Solved! ARM Apple High-End CPU - Intel replacement

Page 43 - Seeking answers? Join the AnandTech community: where nearly half-a-million members share solutions and discuss the latest tech.

Richie Rich

Senior member
Jul 28, 2019
470
229
76
There is a first rumor about Intel replacement in Apple products:
  • ARM based high-end CPU
  • 8 cores, no SMT
  • IPC +30% over Cortex A77
  • desktop performance (Core i7/Ryzen R7) with much lower power consumption
  • introduction with new gen MacBook Air in mid 2020 (considering also MacBook PRO and iMac)
  • massive AI accelerator

Source Coreteks:
 
Reactions: vspalanki
Solution
What an understatement And it looks like it doesn't want to die. Yet.


Yes, A13 is competitive against Intel chips but the emulation tax is about 2x. So given that A13 ~= Intel, for emulated x86 programs you'd get half the speed of an equivalent x86 machine. This is one of the reasons they haven't yet switched.

Another reason is that it would prevent the use of Windows on their machines, something some say is very important.

The level of ignorance in this thread would be shocking if it weren't depressing.
Let's state some basics:

(a) History. Apple has never let backward compatibility limit what they do. They are not Intel, they are not Windows. They don't sell perpetual compatibility as a feature. Christ, the big...

soresu

Platinum Member
Dec 19, 2014
2,921
2,142
136
A78 is doesn't have +20% IPC over the A77. What the article says is that an A78 has "20% sustained performance" over an A77, but that figure also includes the process-dependent gains you get going from 7nm to 5nm.

From the figures on Page 4, a 3 GHz A78 (5nm) has +20% performance compared to a 2.6 GHz A77 (7nm), while a 2.1 GHz A78 has the same performance as a 2.3GHz A77 at half the energy. So the IPC gain is actually somewhere in the 4-9% range.
Yeah, I read it wrong and in a rush to get to the X1 part.
 
Reactions: spursindonesia

IntelUser2000

Elite Member
Oct 14, 2003
8,686
3,785
136
The real argument here isn't ARM vs x86 ISA.

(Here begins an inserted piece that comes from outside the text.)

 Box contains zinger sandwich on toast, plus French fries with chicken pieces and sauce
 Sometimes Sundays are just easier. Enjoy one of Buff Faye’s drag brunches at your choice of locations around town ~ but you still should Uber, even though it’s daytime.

It's ARM ecosystem versus x86 ecosystem.

Back 25 years ago, they called it "RISC vs CISC", or "RISC vs x86".

Now when you realize ISA differences are about that you can include CPUs such as IBM's Power.

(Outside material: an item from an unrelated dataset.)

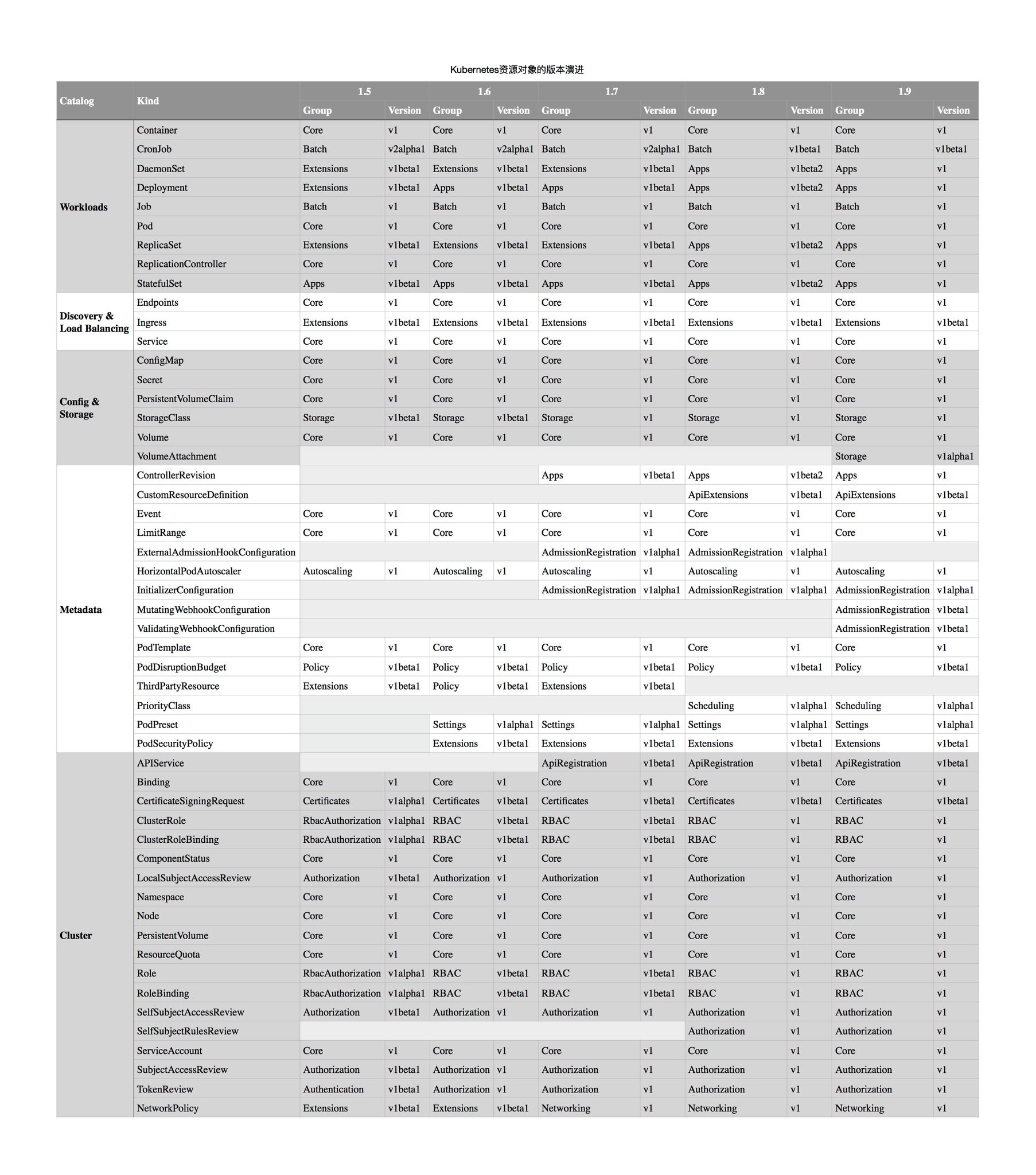 对于不同版本的Kubernetes,许多资源对象的API的版本可能会变更,下表列出了kubernetes1.5至1.9的API资源对象的版本演进:

Ecosystem differences easily dwarf any technical differences in the ISA. When you have say 3-4x more resources and research being put in and 10x more manpower being invested, of course it'll do good!
 

soresu

Platinum Member
Dec 19, 2014
2,921
2,142
136
Yeah, according to their slide on page 4 of the article, in Spec2006 it's 7% IPC improvement over A77 for A78 and 30% for X1.
Yeah, oddly a balanced improvement across integer and FP performance for once in X1.

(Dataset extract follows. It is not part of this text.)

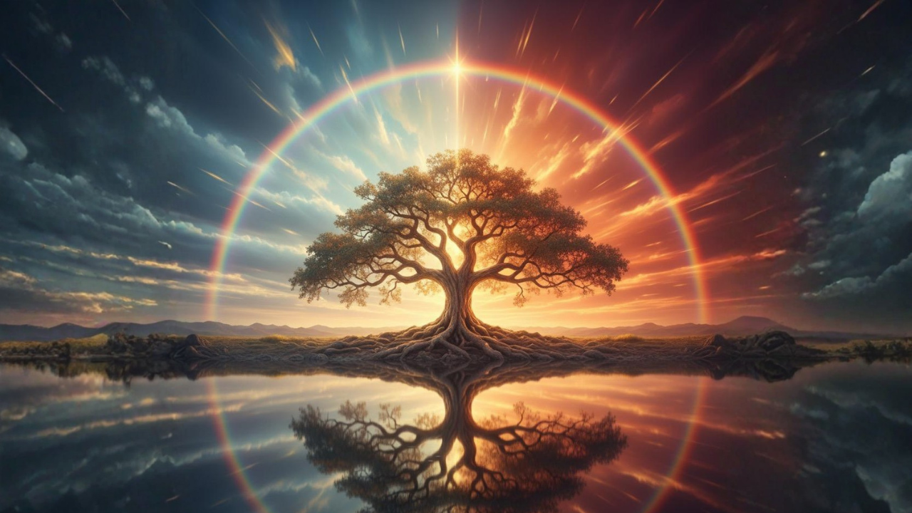 Soon after, another image appeared — a great tree standing beneath a radiant sky. I sent the picture to Sara as I thought it looks like the tree in this year’s word: The Year of Exponentiation. But this time, it looks rapturous in the golden hour of the setting sun.

A shame it will be probably be sometime in the next century before we will see an SBC implementation of X1 - though I live in hope of being proven wrong here.

The fact that they chose the wife of Zeus (the next Neoverse core) as the codename for X1 seems significant, I think this means N2 will be Hera based now - given that A76 was codenamed Enyo, the wife of Ares (N1 codename).

If so that would give a tidy 1.56x IPC boost for N1 -> N2 from core alone, albeit at a power penalty to match

Given we already have at least one codename for next year with Matterhorn, it would be weird to match that with Poseidon for N3 - so I'm putting a guess on a final Greek core codenamed Amphitrite/Thetis, which may be the supersize me variant of Matterhorn, as Hera is to Hercules.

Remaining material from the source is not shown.